McBride has been in front of the camera for 15 years now, first on ESPN2's "Offshore Adventures", then a progression of shows ("Ocean Hunters", "Shark Hunters", "Shark Men") leading to "Shark Wranglers" (on the History Channel), which documents the voyages of their boat.
Before the cameras started rolling, though, he was a 5-year-old kid obsessed with sharks and animals in general, who knew he wanted to be a professional fisherman, and started working on a fishing boat at the age of 11.
"You don't always know what you're going to learn, or what you're going to think about," he says. "When I started doing the shark thing, part of it was trying to keep a job, quite frankly. I wasn't a conservationist, I didn't say ‘I'm going to go out there and do this.' I love the ocean, because the ocean has given me everything. It's my time to give back."
McBride and the rest of the crew, part mariners, part fishermen, part researchers, and part television stars, travel the world to capture and tag great white sharks. They'll be the first to tell you that it isn't a bad gig. They have been from Cape Town to California to (most recently) Cape Cod where I caught up with them. Their New England mission isn't being televised, but they had a cameraman aboard, to film for their blog, and the visit, coming at a time when sharks were resurgent in the land of "Jaws", got its share of press.
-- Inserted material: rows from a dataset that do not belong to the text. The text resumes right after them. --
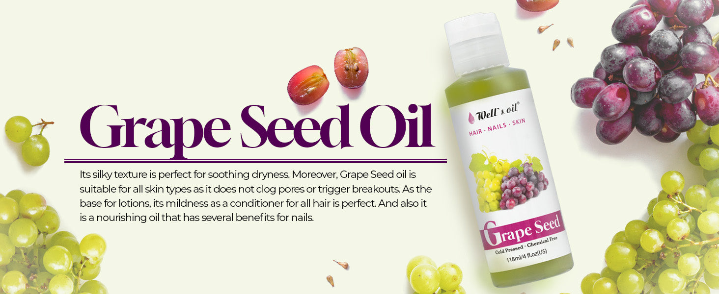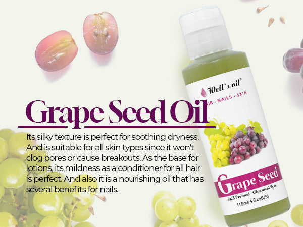 Introducing Well's Oil 100% Pure Natural Grape Seed Carrier Oil - a versatile and nourishing oil suitable for both skin and hair.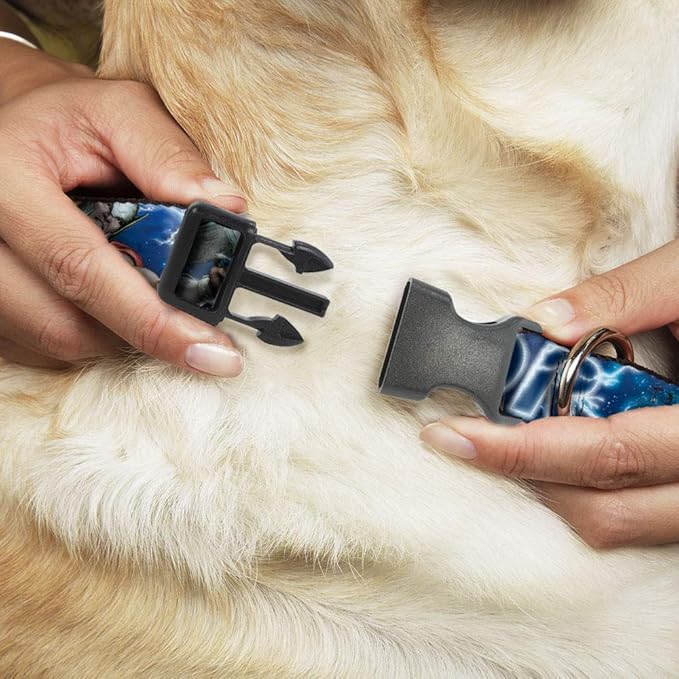 Dog Collar Plastic Clip Avengers Thor Hammer Action Pose Galaxy Blues White 9 to 15 Inches 0.5 Inch Wide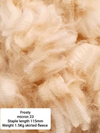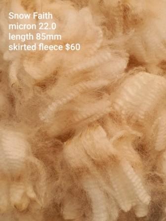 FLEECE MICRON, STAPLE LENGTH AND PRICES ON THE PHOTOS. THERE ARE 3 WHITE AND ONE LIGHT FAWN FLEECE FOR SALE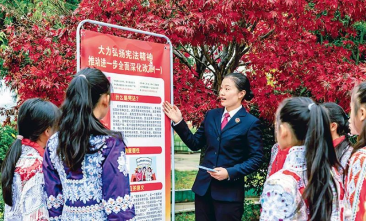 近年來,各地持續(xù)深化法治宣傳教育,增強全民法治觀念,助力法治中國建設。圖為2024年12月3日,貴州省黔西市人民檢察院干警在新仁苗族鄉(xiāng)化竹小學為學生普及憲法知識。新華社發(fā)范暉/攝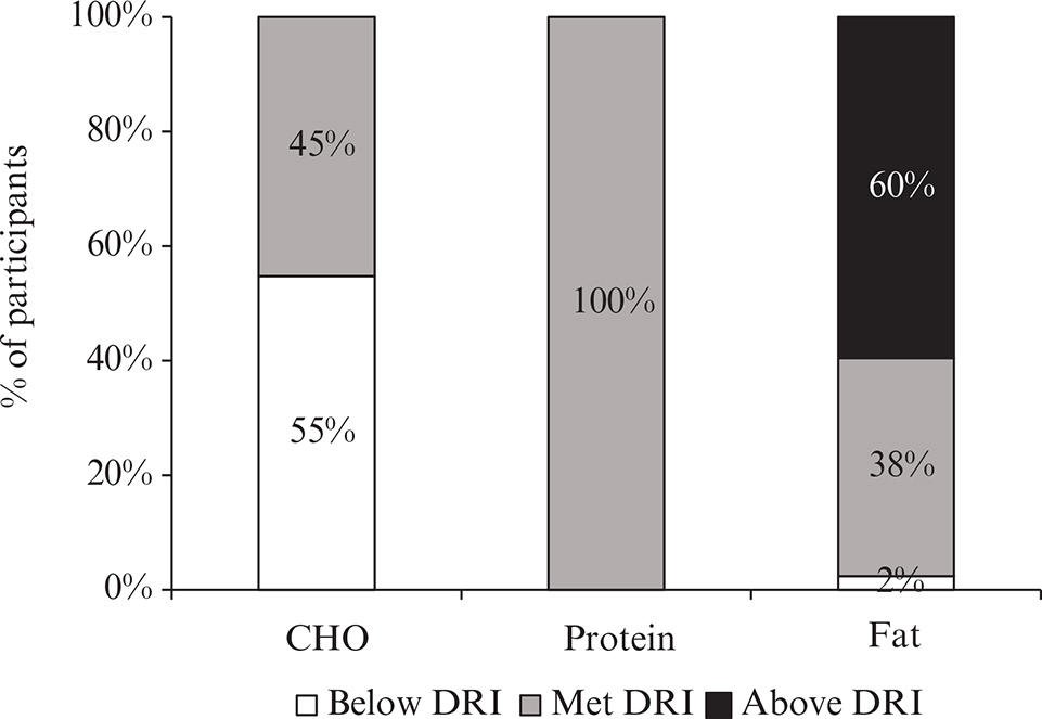 The proportion of energy provided by protein, carbohydrates, and fats in the participants’ diets was approximately 18.5, 42.4 and 36.5%, respectively (Table 3). Overall, these values are approaching the Health Canada recommendations for macronutrient intake; however, fat was slightly above and carbohydrates were slightly below the acceptable macronutrient distribution range for adults (41). The percentage of participants who had macronutrient intake that met or was above or below the DRI is shown in Fig. 2. Carbohydrate intake was below the DRI for 55% of participants and met by 45%, while the DRI for protein intake was met by 100% of participants. Fat intake was above the DRI for 60% of participants, met by 38%, and below the DRI for 2%.

Outside on the deck, McBride pointed out different parts of the shark corral and showed off a specially designed shark hook they've improved with a butter knife and a Styrofoam float. He says again that he isn't showing off, and then he tells a story to illustrate how safe it is to swim with the sharks. "You can't buy a shark attack," he says. "I've swum in the middle of shark schools, probably six or 800 sharks in a feeding frenzy, where all you see is fins, tails, and teeth. As a point, to show people they were going to [only] eat the bait, I swim up, with my arms and legs out and just shut my eyes for a minute, with the sharks slamming into me. When I opened up my eyes, they were gone."